§ Input data:
▼▼▼

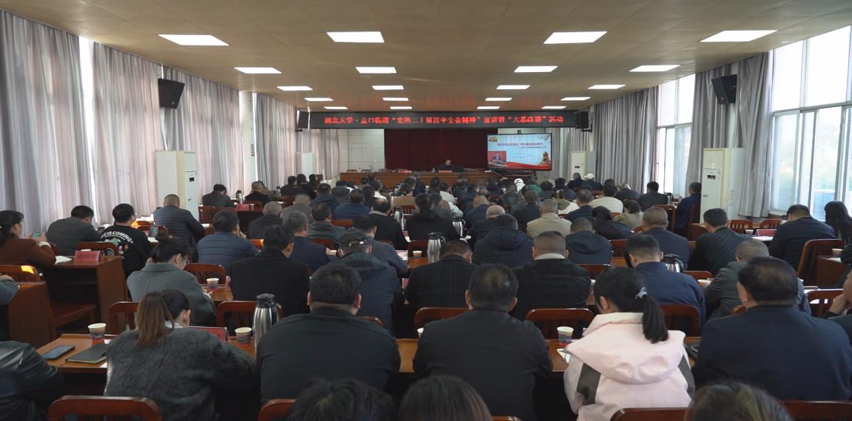 院长熊友华、副院长易振龙、思政课部主任于桂凤、政教系主任胡银银一行赴武汉市江夏区金口街道,以“专题讲座+座谈交流+分众式宣讲”的形式开展党的二十届四中全会精神宣讲暨大思政课活动,为基层治理注入思想动能与智力支撑。江夏区委宣传部副部长张乐、金口街道党工委书记熊传胜以及干部群众100余人参加活动。
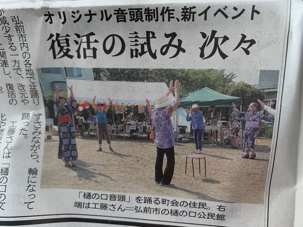 町内に1500年代に建立された熊野宮神社や、岩木山、茜橋のこぎん刺しの模様、歴史などを歌詞に盛り込み、『明るく楽しく元気よく!』という町内会のスローガンをメッセージとして、作曲、アレンジをさせていただき、歌好き、踊り好きな先輩方、子供達とレコーディングして、8月18日の本番で一緒に踊りました!
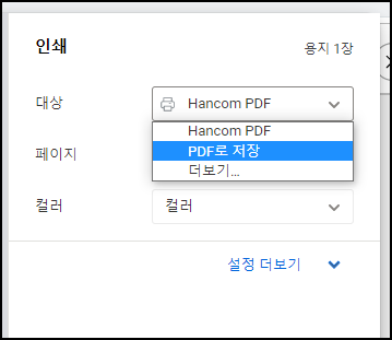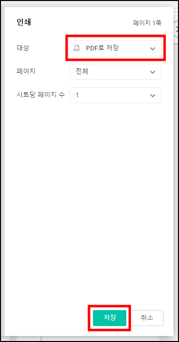 [대상 > PDF로 저장]을 선택할 수 있습니다.
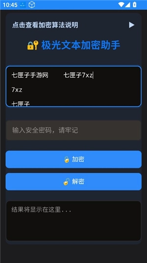 文本加密工具堪称一款极为专业且值得信赖的文件加密与解密利器。当用户日常接收到带有密码的资料时,借助这款工具就能轻松解开。同理,要是手中持有重要文件,不希望其泄露机密,使用它一键加密,便可有效提升文件的安全性。该软件界面设计简洁,操作更是便捷无比。喜爱这类工具的小伙伴们,快来试试文本加密工具吧!

▲▲▲

§ Exercise: Give the listing again exactly, but omit each image.

§ Task response:
 院长熊友华、副院长易振龙、思政课部主任于桂凤、政教系主任胡银银一行赴武汉市江夏区金口街道,以“专题讲座+座谈交流+分众式宣讲”的形式开展党的二十届四中全会精神宣讲暨大思政课活动,为基层治理注入思想动能与智力支撑。江夏区委宣传部副部长张乐、金口街道党工委书记熊传胜以及干部群众100余人参加活动。
 町内に1500年代に建立された熊野宮神社や、岩木山、茜橋のこぎん刺しの模様、歴史などを歌詞に盛り込み、『明るく楽しく元気よく!』という町内会のスローガンをメッセージとして、作曲、アレンジをさせていただき、歌好き、踊り好きな先輩方、子供達とレコーディングして、8月18日の本番で一緒に踊りました!
 [대상 > PDF로 저장]을 선택할 수 있습니다.
 文本加密工具堪称一款极为专业且值得信赖的文件加密与解密利器。当用户日常接收到带有密码的资料时,借助这款工具就能轻松解开。同理,要是手中持有重要文件,不希望其泄露机密,使用它一键加密,便可有效提升文件的安全性。该软件界面设计简洁,操作更是便捷无比。喜爱这类工具的小伙伴们,快来试试文本加密工具吧!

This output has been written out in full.